One nonterminal symbol serves as the top-level nonterminal where the generation starts (or where analysis ends) -- for natural languages, we usually use the symbol S (sentence).
The following example grammar can generate (or analyze) sentences such as Dogs sleep (grammatical English) or The black cat sleep (ungrammatical).
S -> NP VP NP -> dogs VP -> sleep NP -> Det Adj N Det -> the Adj -> black N -> cat
We can mend this grammar by dividing each nonterminal into two variants -- one for singular and one for plural. In general, linguistic phrases have many independent linguistic properties which would require us to split the nonterminals into an exponential number of variants.
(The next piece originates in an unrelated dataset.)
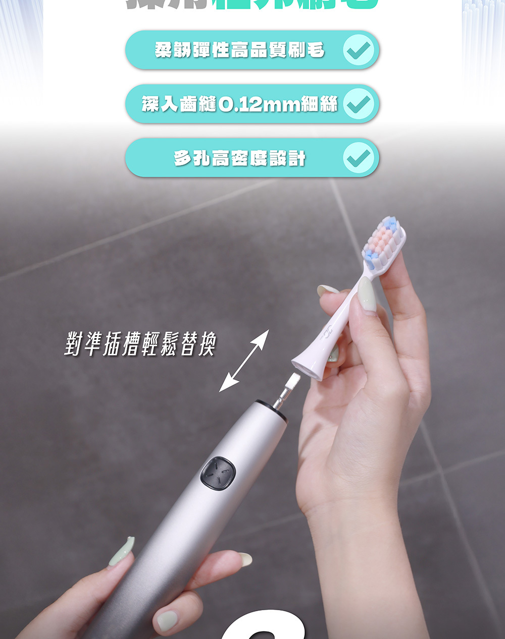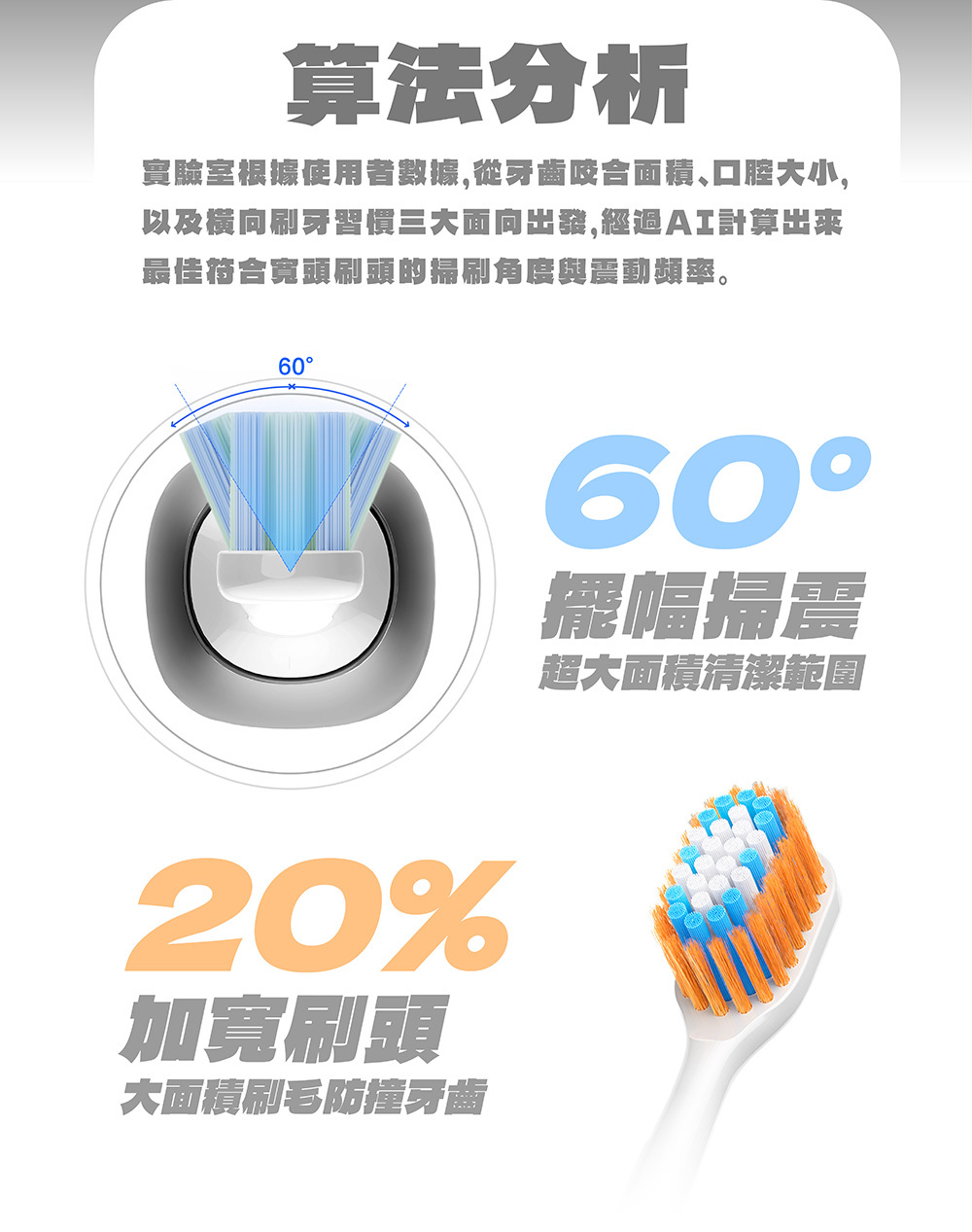 加寬刷頭有效降低撞擊機率,提升舒適感,每一次清潔都更安心。

When a natural language sentence is analyzed with a constituency grammar, we obtain a parse tree, such as the following:
In MT, constituency trees can be used either on the source side (tree-to-string MT), on the target side (string-to-tree) or both (tree-to-tree).
Tree-to-Tree Translation
We describe the scenario where phrase-structure trees are used on both sides. In that case, translation can be viewed as parsing of the source sentence using a synchronous CFG. Such a grammar contains production rules with two right-hand sides: one for the source side and one for the target side.
Consequently, the constituency tree of the translation is constructed as the source sentence is parsed. The translation can then simply be read off the parse tree.